I chose to extend Project Four in a loose sense. The purpose and nature wasn’t really anything like the previous project. The main similarity was the source of the data.

The goal - find trolls on Reddit.

I wanted to focus on a few aspects of “Big Data” for this project.

I wrestled with the instructors a bit over this topic because of a core problem that seems to be intrinsic for a lot of Data Science or analytic type projects. One must be careful whether one is chasing a Supervised or Unsupervised problem. This may seem rather easy. Either you have labeled data or you don’t. But the temptation to believe you can create labels can be rather strong.
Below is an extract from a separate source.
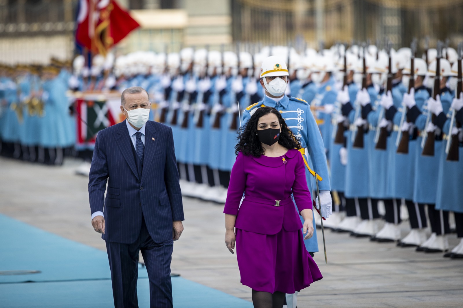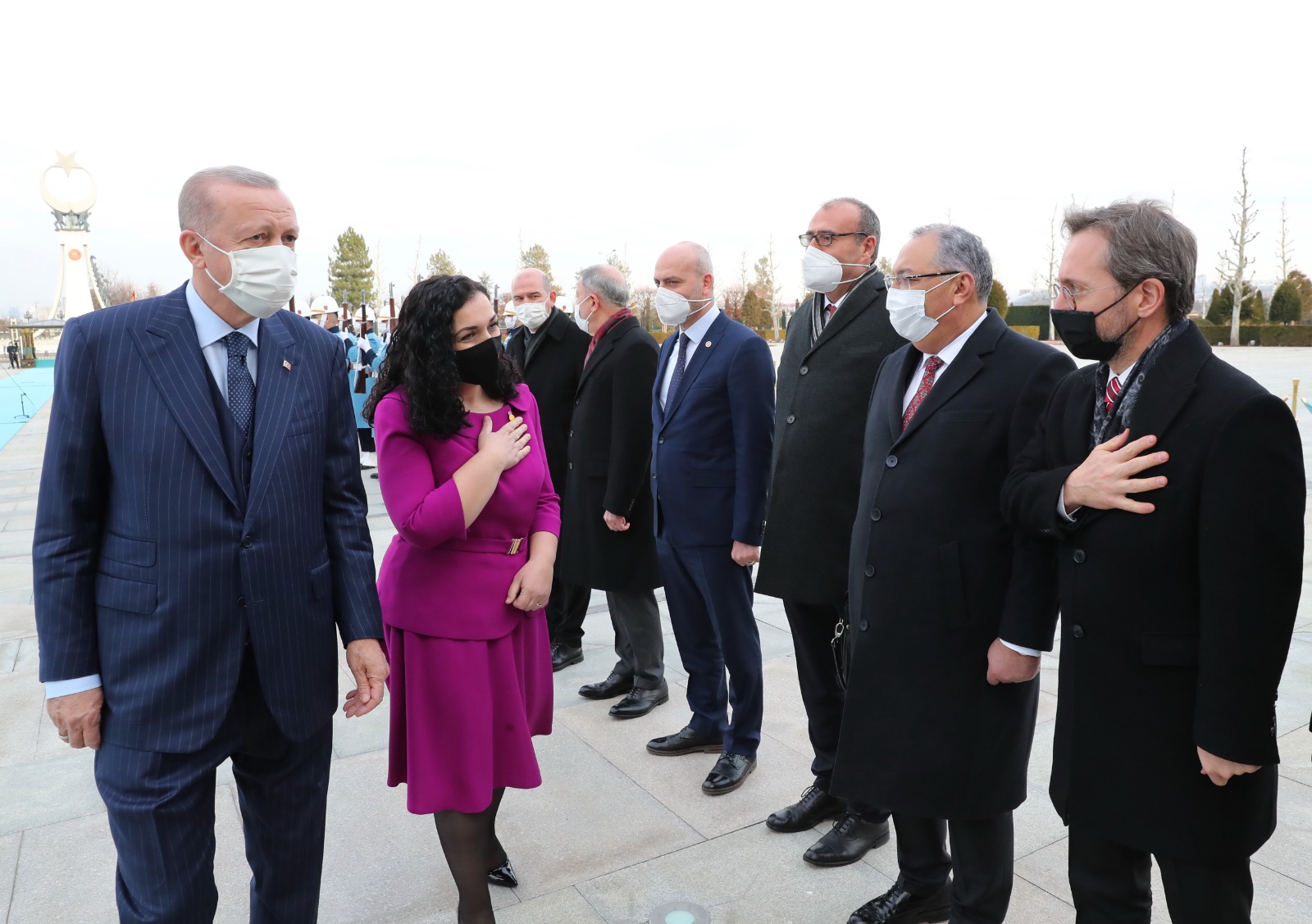 Cumhurbaşkanı Recep Tayyip Erdoğan, Türkiye'ye ziyarette bulunan Kosova Cumhurbaşkanı Vjosa Osmani'yi resmî törenle karşıladı.

No matter how much I looked for some, there wasn’t really any way to get a list of known trolls. I sort of broke through and won blessing for the topic when I was able to cast it as a study of Anomaly Detection and possibly clustering to learn more about trolls.

So, in a sense the focus shifted a bit away from Trolls and more towards Anomaly Detection.
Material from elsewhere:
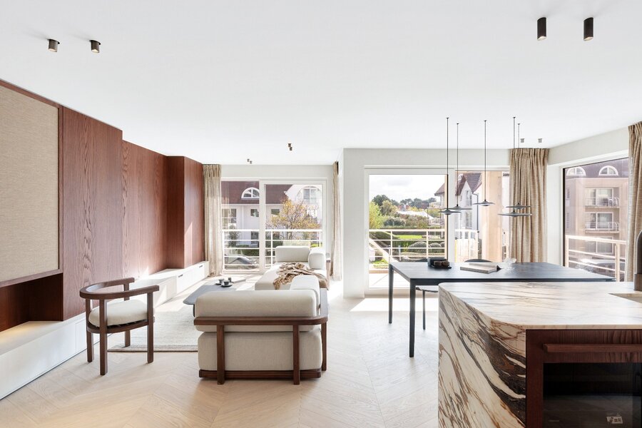 Impressionant hoekappartement in een exclusieve villaresidentie in het hart van het Zoute.

The first goal was just to prepare the data. Back in 2015 someone used the Reddit API to create a historical archive of all the past Reddit comments. This data bounced around to several forums or locations. Kaggle hosted one month’s worth of data for a challenge. Someone put this up in AWS in a S3 bucket. And, I already knew from Project Four, a file hosting service was keeping these archives going with about a one-month lag from current. So, I wanted to create a second S3 bucket to upload the past couple of years.

This wasn’t much more trouble than just firing up EC2 instances and some scripting to download, uncompress and save. I had to do this in a way that didn’t depend on my connection. It took a while. Of course, I could have punched in many instances and done this in parallel. But I didn’t feel I needed to rush through this part because I needed to do some research in parallel.
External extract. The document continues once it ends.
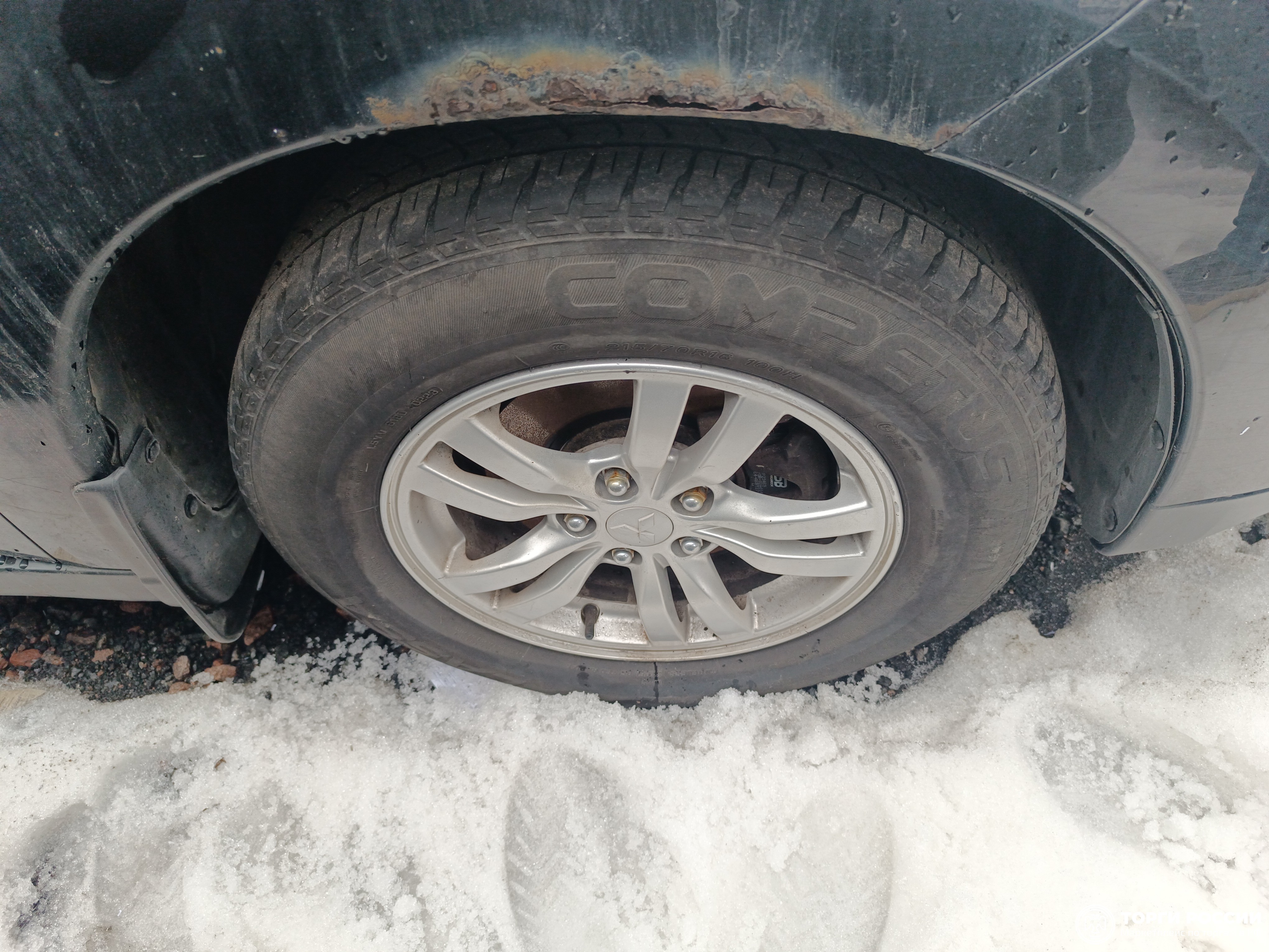Автомобиль Mitsubishi Outlander в удовлетворительном состоянии. Запустить двигатель, осмотреть подкапотное пространство, багажное отделение и салон не удалось по причине отсутствия ключей. На момент осмотра автомобиль в загрязненном состоянии. Кузов автомобиля с повреждениями: ➢крыша- коррозия, сколы ➢переднее левое крыло- вздутие, коррозия, сколы ➢заднее левое крыло- вздутие, коррозия, сколы ➢заднее правое крыло- вздутие, коррозия ➢переднее правое крыло- вздутие, коррозия, сколы Вторично окрашены: ➢задняя правая дверь Фары, задние фонари, стекла визуально в удовлетворительном состоянии, имеются дефекты в виде царапин. Зимние шины в удовлетворительном состоянии. Легкосплавные диски в удовлетворительном состоянии, имеются дефекты эксплуатации в виде царапин, сколов, коррозии. Данный отчет актуален на момент осмотра. Автоэксперт не даёт гарантии на возможные будущие неисправности/поломки/ошибки. Автоэксперт не гарантирует отсутствие дополнительных скрытых дефектов и точность показаний ЛКП.

I grabbed a number of papers and such to learn what folk have done with similar projects on Reddit data or anomaly detection algorithms, etc. And I started to learn Spark and Dask. I had lots of places to start:

  • David’s Spark and Zepellin Lecture
  • Mike’s Isolation Forest Investigation
  • Tiffany’s Zepellin, GraphX and Graphframes Investigation
  • Alex’s Dask Investigation

SOME of these weren’t quite ready when I needed them. I started reading up on Dask before Alex gave his Investigation presentation. But I was able to grab his Jupyter notebooks after his presentation to repeate them personnaly. Same for GraphX with Tiffany.

David asked me at one point if I’d settled on Dask or Spark. I hadn’t yet. But I think it was right about that time that something dawned on me that should have been pretty clear from the beginning. The Reddit archives are comment data only. But I’m interested not in finding Troll comments. I wanted to find Troll users. Some of the papers I’d reviewed had maintained a focus on the per-comment data. This wasn’t my goal at all. I think I’d imagined that I would be using Feature Engineering in order to add a few extra features to the existing features in the data set. There was a small eureka moment when it became very clear to me that I wasn’t adding features - I was creating them… all of them. That is, I had per-comment data but for my modeling I needed per-user data.

It then seemed important not to choose between Spark and Dask but to use both of them for their respective advantages. One paper I’d reviewed described using graph-based features. It seemed I could do this with GraphX/Graphframes. So, that’d push me towards Spark. But Dask’s rather native tie-in with Python would facilitate use of SKLearn. At that point, I chose to use both. All I needed to do next was choose how to store data in a way that would work well for both. I settled in on Parquet.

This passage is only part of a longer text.